The mainland produced more corn than rice for the first time on record in the 2012-13 season, as surging incomes fuelled demand for meat, prompting farmers to focus more on animal feed.
The chart of the week shows the mainland's output of corn - the main ingredient used in feed - rose to a record 208 million tonnes in the latest harvest season, beating the 204 million tonnes in rough-rice production, according to data compiled by the United States Department of Agriculture (USDA). The lower panel tracks swine-meat consumption in the mainland, which the USDA forecasts will reach a record 52.6 million tonnes in 2013.
"Consumers' surging protein consumption is driving farmers to grow more corn, while the consumption of rice and wheat is more stable," says Zhang Zhixian, an analyst at Cngrain.com , a Henan-based researcher owned by China Grain Reserves, caretaker of state granaries.
As urbanisation continues, rural residents "will eat more like city folks" by consuming more meat, poultry and dairy instead of basic cereals, he says.

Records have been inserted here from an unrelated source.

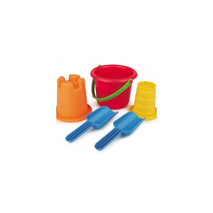 - Incluye 5 piezas: 1 cubo, 2 moldeadores y 2 palas.
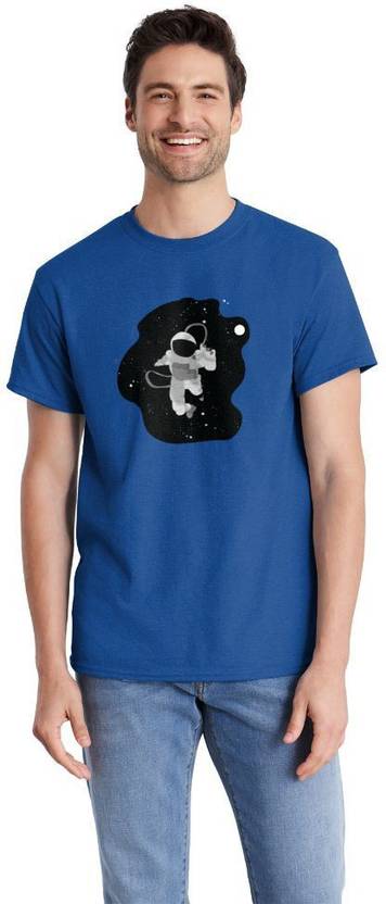 Men Lost in Space Graphic Print Round Neck Pure Cotton Blue T-Shirt
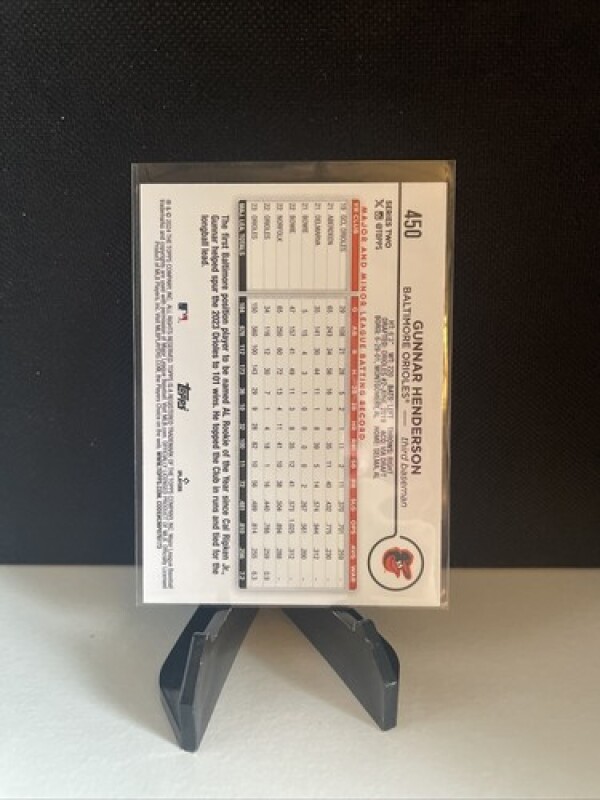 This is a 2024 Topps baseball trading card featuring Gunnar Henderson of the Baltimore Orioles team. The card is made of card stock material and is a standard size. It is an original, base set card with the card number 450. The card is not autographed and is not a vintage reprint. It is part of the Major League (MLB) league and was manufactured in the United States. The set is a sports trading card and is the base variety. The card is in excellent condition and is a great addition to any collection.

While rising corn output gives China's market a "fragile balance," further expansion is constrained by the lack of additional farmland, Zhang says.
A season of bad weather could "easily upset the balance", boosting China's purchases in global markets, similar to what happened in 2010 after a drought in the northeast provinces, he says.
In 2010 China bought 1.3 million tonnes of corn, making it a net importer for the first time in more than a decade, USDA data shows.
Imports jumped to a record of 5.2 million tonnes in the marketing year which ended on September 30, according to the USDA.